* **What you will do**
An image-free reproduction of the data below is needed: print it exactly.

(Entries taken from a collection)
-- Opening Marker --

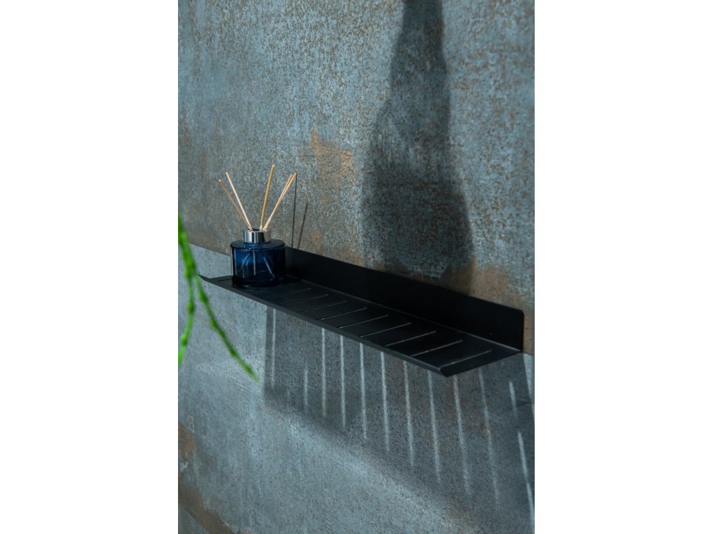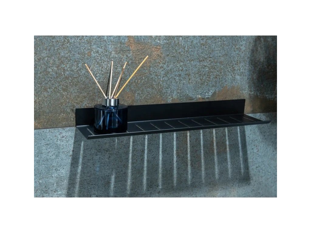 Dlouhá, jednoduchá a přitom velmi moderní koupelnová polička z černě lakovaného hliníku s lesklou povrchovou úpravou. Instalace se provádí na samolepicí pásku 3M s vysokou lepicí silou. Jeho maximální nosnost je 4 kg.
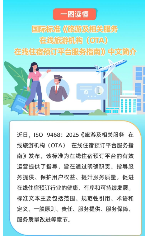 我國牽頭制定全球首個在線旅游機構(gòu)相關(guān)國際標準,以“中國方案”推動全球旅游服務(wù)標準化進程。近日,我國牽頭制定的《旅游及相關(guān)服務(wù)在線旅游機構(gòu)(OTA)在線住宿預訂平臺服務(wù)指南》(ISO9468:2025)國際標準正式發(fā)布。這是全球首個在線旅游機構(gòu)相關(guān)國際標準,旨在規(guī)范全球在線住宿預訂平臺及其服務(wù),破解“大數(shù)據(jù)殺熟”“捆綁消費”“退改難”等痛點,構(gòu)建公平透明的消費生態(tài)?!吨改稀访鞔_了平臺方和住宿服務(wù)提供商的責任,規(guī)范了訂購、支付、退改、評價等環(huán)節(jié)的服務(wù)條款,提出了信息安全、財務(wù)安全和隱私保護等方面的服務(wù)保障要求。其發(fā)布是中國參與全球標準化工作的生動實踐,將推動全球旅游服務(wù)在標準化軌道上實現(xiàn)高質(zhì)量發(fā)展。
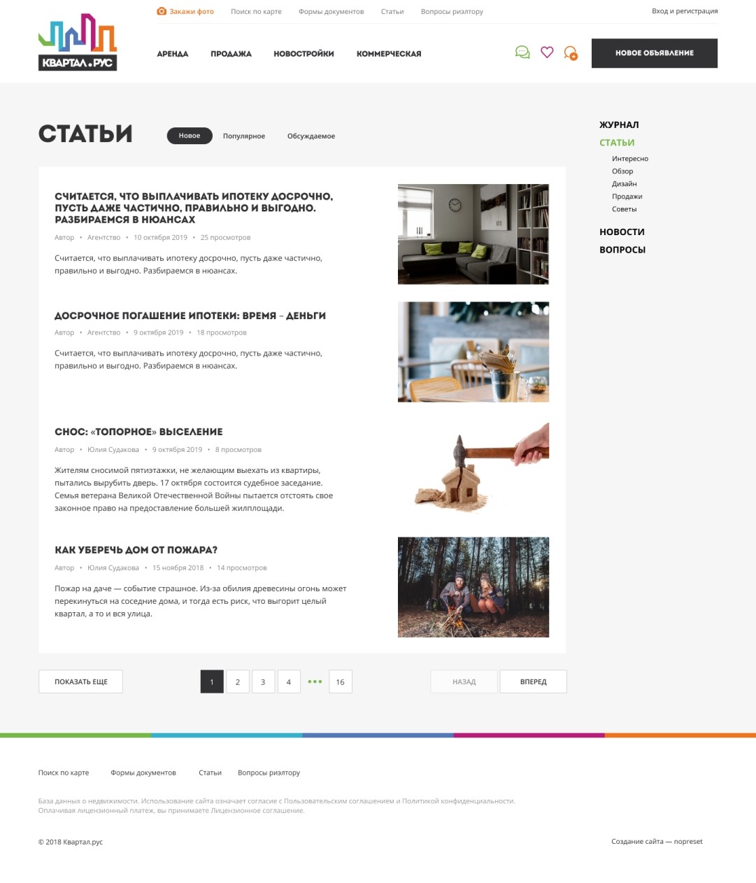 Кроме основных страниц с объявлением, также разработаны разделы статей, база типовых документов, раздел вопрос-ответ.
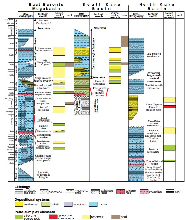Сводная диаграмма тектоностратиграфии и элементов нефтегазоносных районов Баренцево-Карского региона.
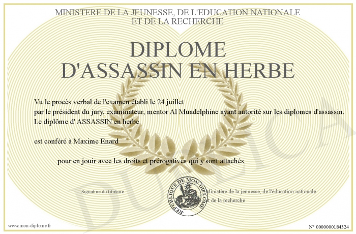 Envoyez par email votre Diplôme d'Assassin en Herbe personalisé
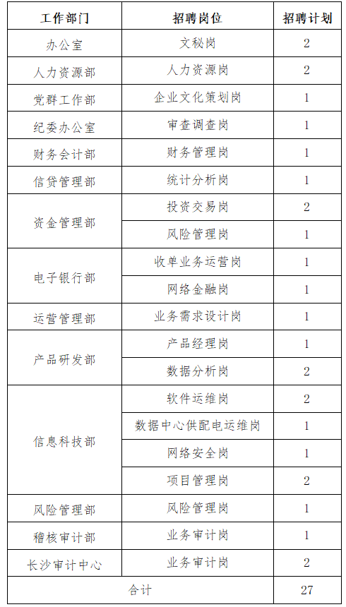 面向社會公開招聘省農(nóng)信聯(lián)社機關(含長沙審計中心)工作人員27人。招聘崗位及招聘計劃數(shù)見下表:

-- Closing Marker --

* **Response to the exercise**
 Dlouhá, jednoduchá a přitom velmi moderní koupelnová polička z černě lakovaného hliníku s lesklou povrchovou úpravou. Instalace se provádí na samolepicí pásku 3M s vysokou lepicí silou. Jeho maximální nosnost je 4 kg.
 我國牽頭制定全球首個在線旅游機構(gòu)相關(guān)國際標準,以“中國方案”推動全球旅游服務(wù)標準化進程。近日,我國牽頭制定的《旅游及相關(guān)服務(wù)在線旅游機構(gòu)(OTA)在線住宿預訂平臺服務(wù)指南》(ISO9468:2025)國際標準正式發(fā)布。這是全球首個在線旅游機構(gòu)相關(guān)國際標準,旨在規(guī)范全球在線住宿預訂平臺及其服務(wù),破解“大數(shù)據(jù)殺熟”“捆綁消費”“退改難”等痛點,構(gòu)建公平透明的消費生態(tài)?!吨改稀访鞔_了平臺方和住宿服務(wù)提供商的責任,規(guī)范了訂購、支付、退改、評價等環(huán)節(jié)的服務(wù)條款,提出了信息安全、財務(wù)安全和隱私保護等方面的服務(wù)保障要求。其發(fā)布是中國參與全球標準化工作的生動實踐,將推動全球旅游服務(wù)在標準化軌道上實現(xiàn)高質(zhì)量發(fā)展。
 Кроме основных страниц с объявлением, также разработаны разделы статей, база типовых документов, раздел вопрос-ответ.
Сводная диаграмма тектоностратиграфии и элементов нефтегазоносных районов Баренцево-Карского региона.
 Envoyez par email votre Diplôme d'Assassin en Herbe personalisé
 面向社會公開招聘省農(nóng)信聯(lián)社機關(含長沙審計中心)工作人員27人。招聘崗位及招聘計劃數(shù)見下表:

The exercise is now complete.